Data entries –
+-------+

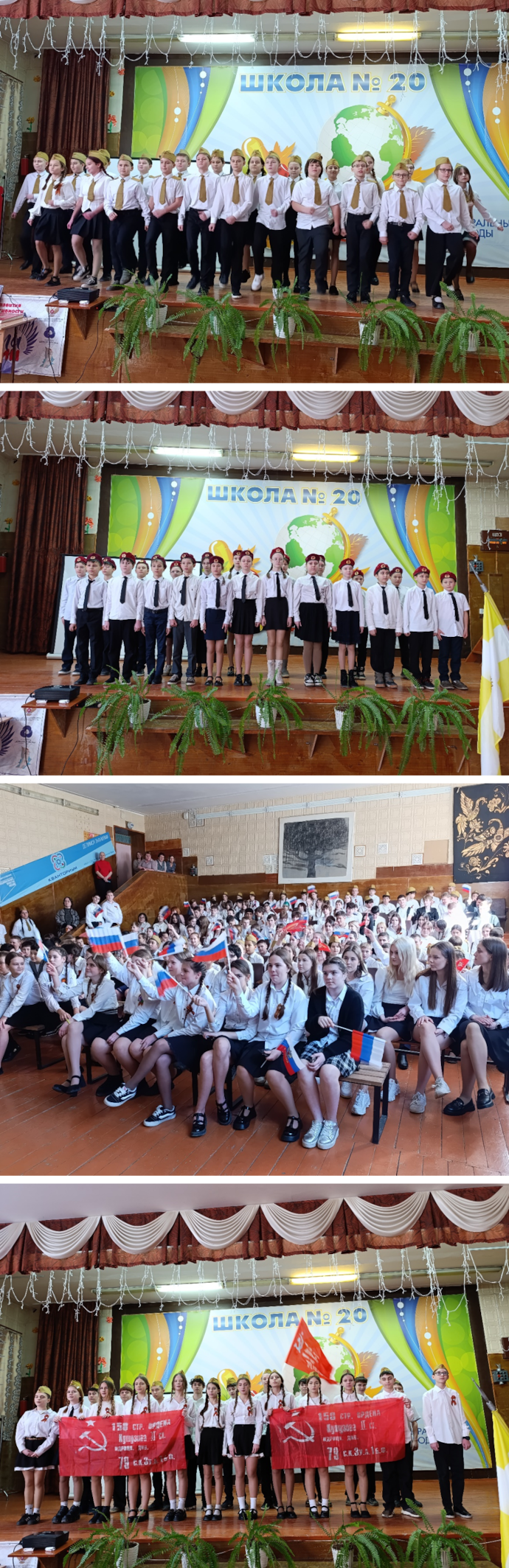 Учащиеся исполняли как известные песни о войне, так и новые песни о России. Среди них «Катюша», «Славный День Победы», «Прадедушка» и, конечно, песня «День Победы». Учащиеся получили не только грамоты, но и огромный эмоциональный заряд. Концерт стал ярким финалом месячника «Оборонно-массовой и спортивной работы».
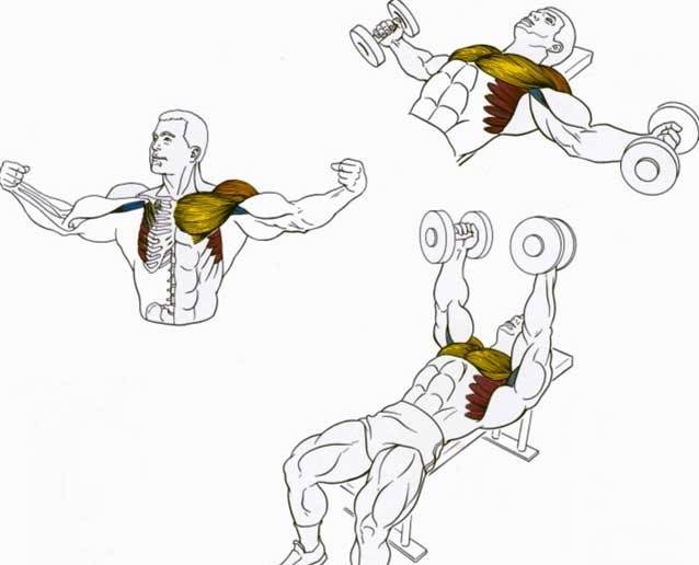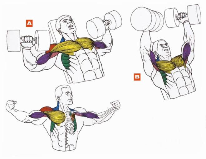 - Жим штанги лежа + жим гантелей на наклонной скамье.
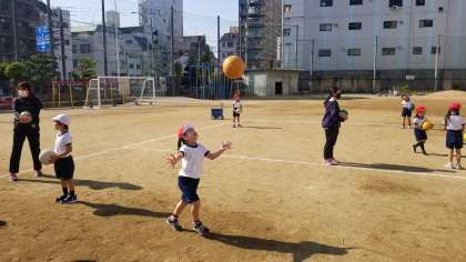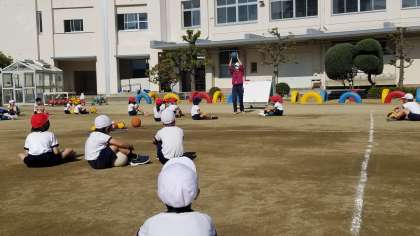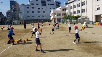 1年生の体育の様子です。多様な動きをつくる運動遊びの様子です。ボールを投げて受ける運動でも、回って受けたり、手をたたいてうけたりと工夫して、動きのレパートリーを増やしていました。
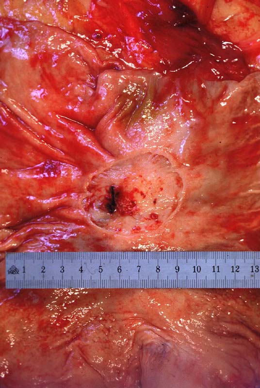 PathoPic ID 1239 - Ulkus mit arrodierter Arterie im Ulkusgrund : massive Ulkusblutung
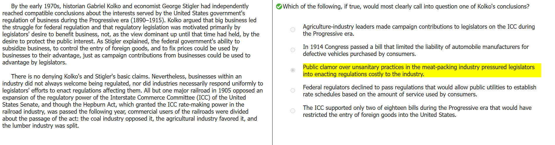 Question 1.According to the passage, scholars whose research on the Progressive era preceded that of Kolkoand Stigler subscribed to which of the following views about the federal regulation of businessduring the era?
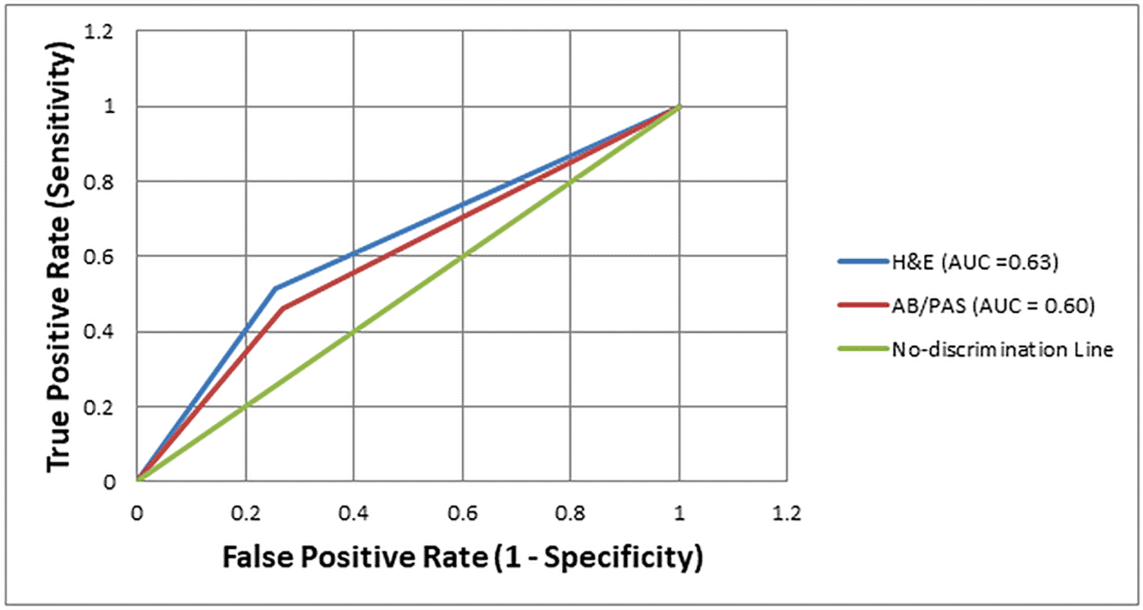 All statistical analyses were performed using IBM SPSS Statistics 25. (IBM Corp. Released 2023. IBM SPSS Statistics for Windows, Version 25. Armonk, NY: IBM Corp). To evaluate the diagnostic performance of the H&E and AB/PAS staining methods in detecting H. pylori, we constructed 2 × 2 contingency tables using the Giemsa stain as the reference standard. From these tables, we calculated sensitivity, specificity, positive predictive value (PPV), negative predictive value (NPV), and overall diagnostic accuracy for each method. In addition, Receiver Operating Characteristic (ROC) curve analysis was conducted to assess and compare the diagnostic performance of the staining techniques. The Area Under the Curve (AUC) was calculated for each method, providing a comprehensive measure that incorporates both sensitivity and specificity across all possible thresholds. AUC values were interpreted as follows: excellent (≥0.90), good (0.80–0.89), fair (0.70–0.79), and poor (<0.70). Differences in AUC values between stains were evaluated using DeLong’s test, with p-values < 0.05 considered statistically significant.

+-------+

Should the entries hold any pictures, please omit those and print the remaining text exactly.

 Учащиеся исполняли как известные песни о войне, так и новые песни о России. Среди них «Катюша», «Славный День Победы», «Прадедушка» и, конечно, песня «День Победы». Учащиеся получили не только грамоты, но и огромный эмоциональный заряд. Концерт стал ярким финалом месячника «Оборонно-массовой и спортивной работы».
 - Жим штанги лежа + жим гантелей на наклонной скамье.
 1年生の体育の様子です。多様な動きをつくる運動遊びの様子です。ボールを投げて受ける運動でも、回って受けたり、手をたたいてうけたりと工夫して、動きのレパートリーを増やしていました。
 PathoPic ID 1239 - Ulkus mit arrodierter Arterie im Ulkusgrund : massive Ulkusblutung
 Question 1.According to the passage, scholars whose research on the Progressive era preceded that of Kolkoand Stigler subscribed to which of the following views about the federal regulation of businessduring the era?
 All statistical analyses were performed using IBM SPSS Statistics 25. (IBM Corp. Released 2023. IBM SPSS Statistics for Windows, Version 25. Armonk, NY: IBM Corp). To evaluate the diagnostic performance of the H&E and AB/PAS staining methods in detecting H. pylori, we constructed 2 × 2 contingency tables using the Giemsa stain as the reference standard. From these tables, we calculated sensitivity, specificity, positive predictive value (PPV), negative predictive value (NPV), and overall diagnostic accuracy for each method. In addition, Receiver Operating Characteristic (ROC) curve analysis was conducted to assess and compare the diagnostic performance of the staining techniques. The Area Under the Curve (AUC) was calculated for each method, providing a comprehensive measure that incorporates both sensitivity and specificity across all possible thresholds. AUC values were interpreted as follows: excellent (≥0.90), good (0.80–0.89), fair (0.70–0.79), and poor (<0.70). Differences in AUC values between stains were evaluated using DeLong’s test, with p-values < 0.05 considered statistically significant.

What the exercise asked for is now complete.